Minister of Social Justice and Empowerment, Government of Gujarat
- In office 26 December 2017 – September 2021
- Preceded by: Atmaram Parmar
- Succeeded by: Pradip Parmar

Member of the Gujarat Legislative Assembly
- Incumbent
- Assumed office 2017
- Constituency: Bardoli

Personal details
- Born: 1 March 1971 (age 55) Bardoli, Surat district
- Party: Bharatiya Janata Party

= Ishwarbhai Parmar =

Indian politician

Ishwarbhai Ramanbhai Parmar (born 1971) is an Indian politician from Gujarat. He is a member of the Gujarat Legislative Assembly.
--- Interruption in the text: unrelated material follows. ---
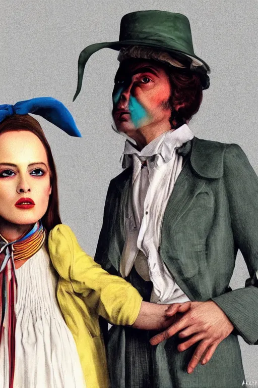 hyperrealism close-up fashion portrait of couple photo from The Holy Mountain by Alejandro Jodorowsky in style of Francisco Goya

He won the 2022 Gujarat Legislative Assembly election representing the Bharatiya Janata Party from Bardoli Assembly constituency, which is reserved for Scheduled Caste community, in Surat district.

== Early life and education ==
Parmar is from Bardoli, Surat district, Gujarat. He is the son of Ramanbhai Sukhabhai Parmar. He studied Class 12 at MB Vamdot Sarvajanik High School, Bardoli in 1990 but failed badly to clear the examinations.

== Career ==
Parmar won from Bardoli Assembly constituency representing the Bharatiya Janata Party in the 2022 Gujarat Legislative Assembly election. He polled 118,527 votes and defeated his nearest rival, Pannaben Patel of the Indian National Congress, by a margin of 89,948 votes. He first became an MLA winning the 2012 Gujarat Legislative Assembly election representing the BJP from Bardoli. He retained the seat in the 2017 Gujarat Legislative Assembly election. He won for a third straight time in the 2022 Assembly election.